▸ PROVIDED MATERIAL:
════════════════
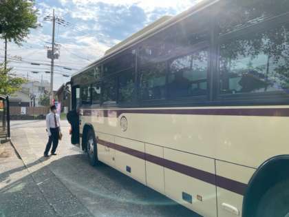 出発式を終え、子ども達はバスに乗り、花背山の家に向けて元気に出発しました。
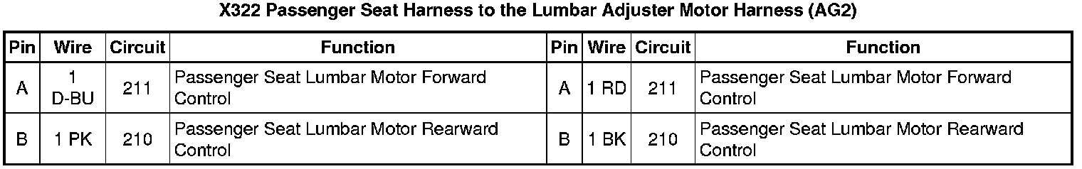 X322 Passenger Seat Harness to the Lumbar Adjuster Motor Harness (AG2)
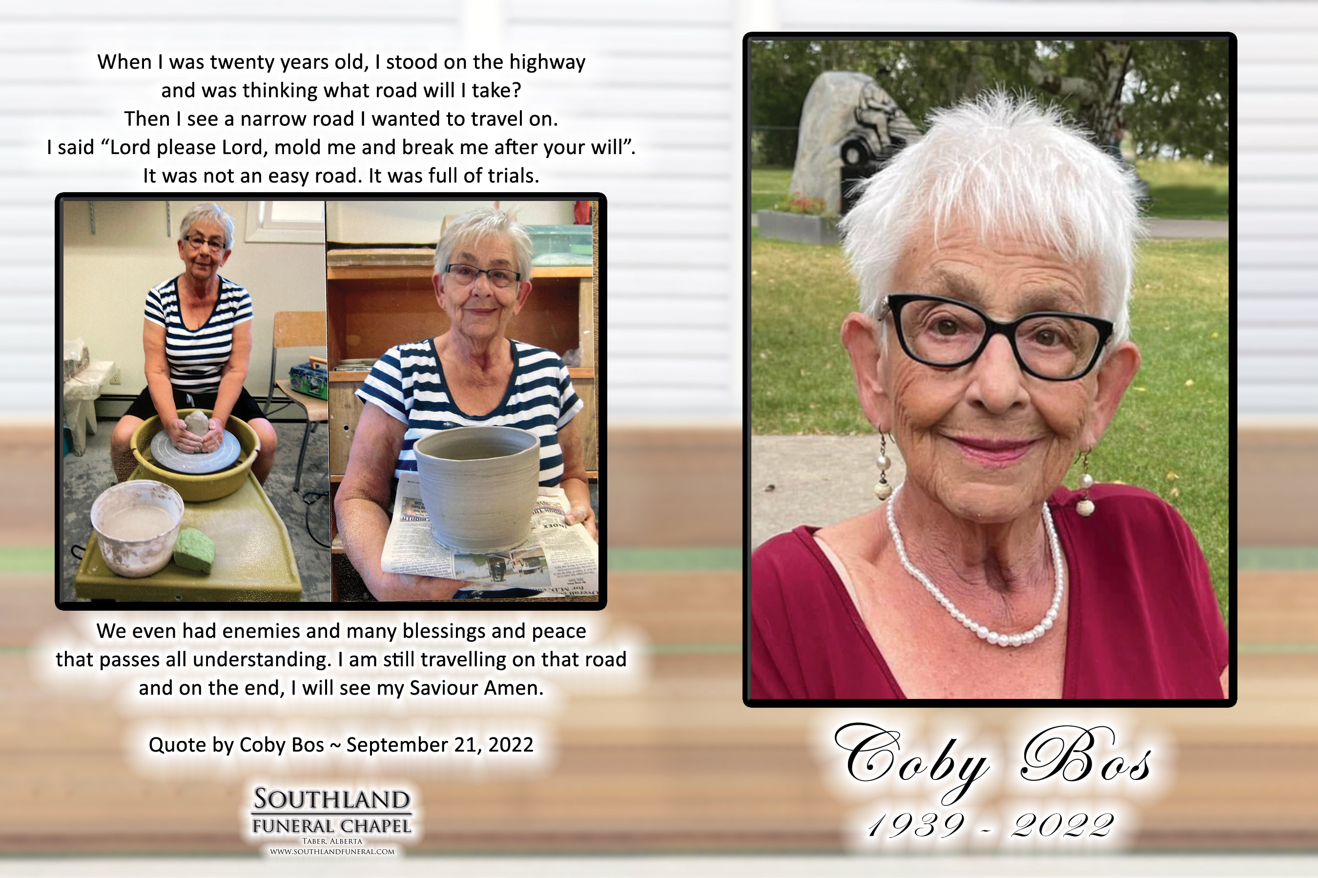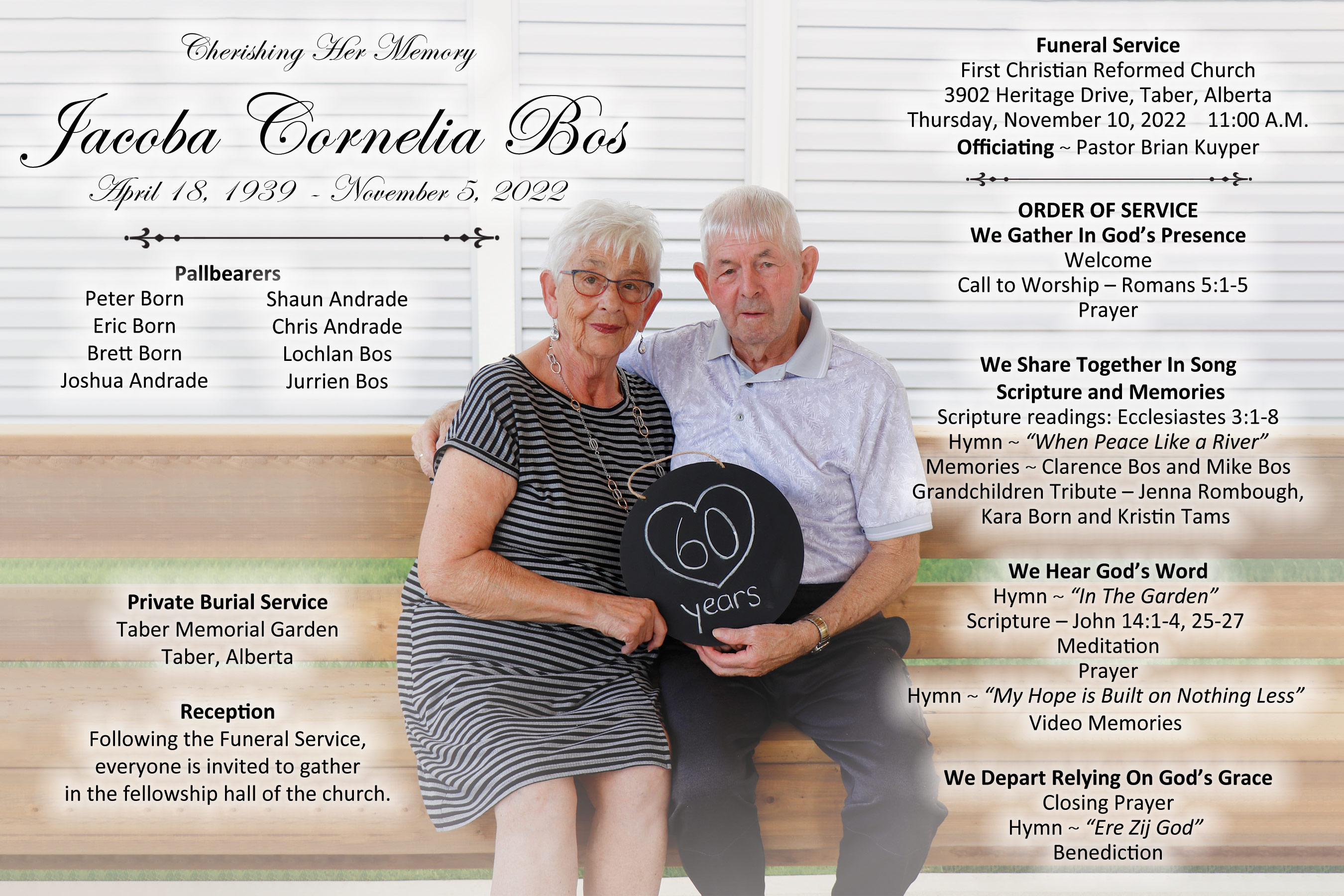 The Funeral Service was held at the First Christian Reformed Church, 3902 Heritage Drive, Taber on Thursday, November 10, 2022 at 11:00 A.M.
════════════════
▸ WHAT THE TASK REQUIRES: Leave every image out when you return the material above word for word.

▸ RESPONSE BOX:
 出発式を終え、子ども達はバスに乗り、花背山の家に向けて元気に出発しました。
 X322 Passenger Seat Harness to the Lumbar Adjuster Motor Harness (AG2)
 The Funeral Service was held at the First Christian Reformed Church, 3902 Heritage Drive, Taber on Thursday, November 10, 2022 at 11:00 A.M.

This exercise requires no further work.